Work order: The expected output is an exact copy of each line from the line with "Der im Krieg" through the end of the data below, with no pictures in it.

***** Dataset content *****

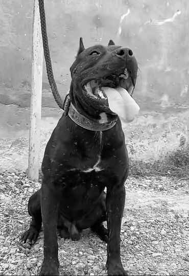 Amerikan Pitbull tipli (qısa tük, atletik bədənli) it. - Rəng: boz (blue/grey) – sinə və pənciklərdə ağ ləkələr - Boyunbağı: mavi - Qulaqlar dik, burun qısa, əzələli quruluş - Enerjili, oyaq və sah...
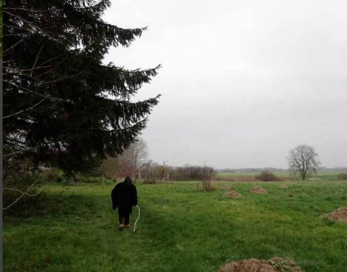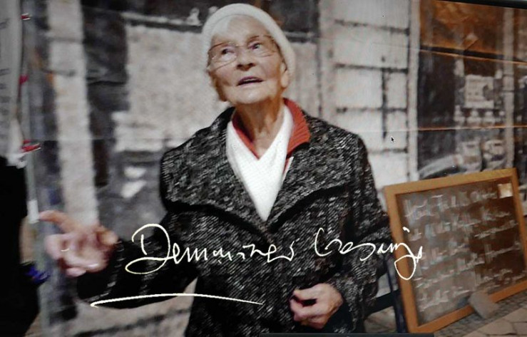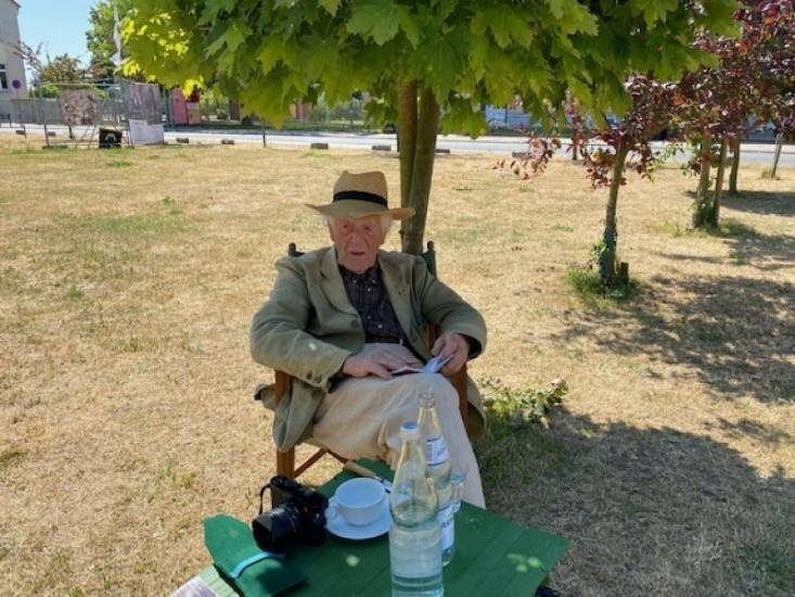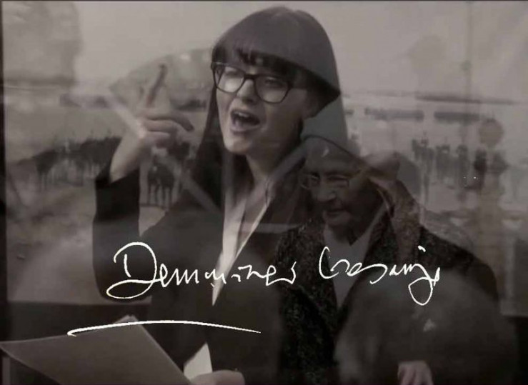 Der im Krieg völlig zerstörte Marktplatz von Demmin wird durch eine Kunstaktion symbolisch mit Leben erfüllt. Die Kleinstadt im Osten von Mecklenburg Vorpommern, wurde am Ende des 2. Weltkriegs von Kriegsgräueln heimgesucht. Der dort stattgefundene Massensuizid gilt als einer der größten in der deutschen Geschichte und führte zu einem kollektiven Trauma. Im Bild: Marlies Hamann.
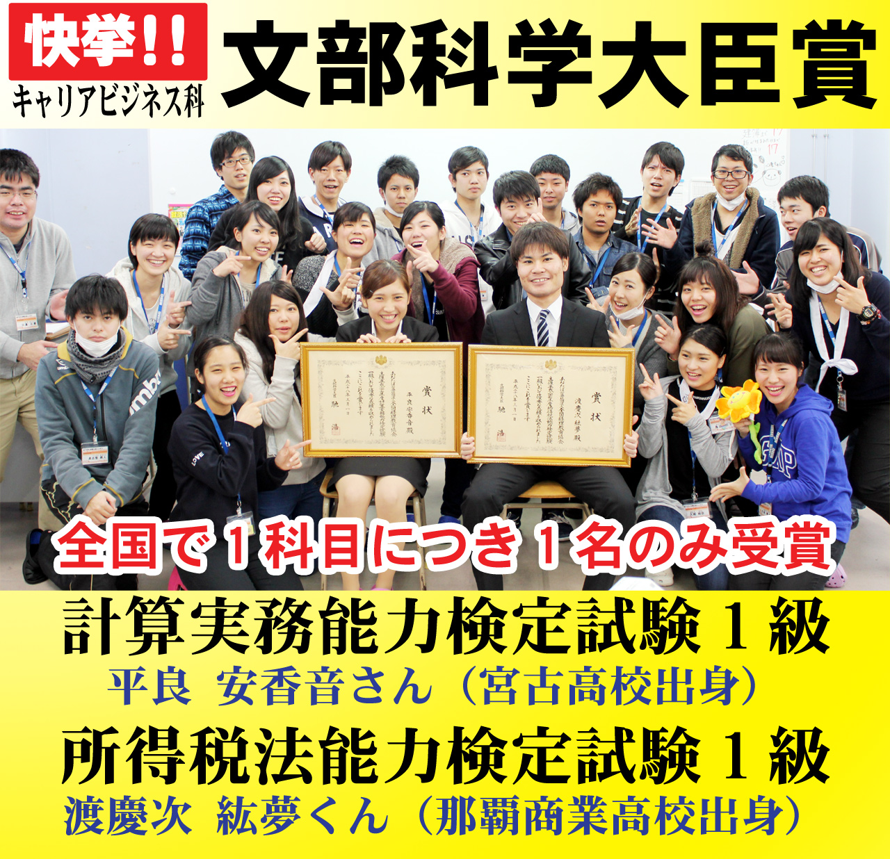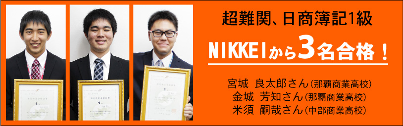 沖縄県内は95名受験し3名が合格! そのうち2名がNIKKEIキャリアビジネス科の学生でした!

*****

Response below:
 Der im Krieg völlig zerstörte Marktplatz von Demmin wird durch eine Kunstaktion symbolisch mit Leben erfüllt. Die Kleinstadt im Osten von Mecklenburg Vorpommern, wurde am Ende des 2. Weltkriegs von Kriegsgräueln heimgesucht. Der dort stattgefundene Massensuizid gilt als einer der größten in der deutschen Geschichte und führte zu einem kollektiven Trauma. Im Bild: Marlies Hamann.
 沖縄県内は95名受験し3名が合格! そのうち2名がNIKKEIキャリアビジネス科の学生でした!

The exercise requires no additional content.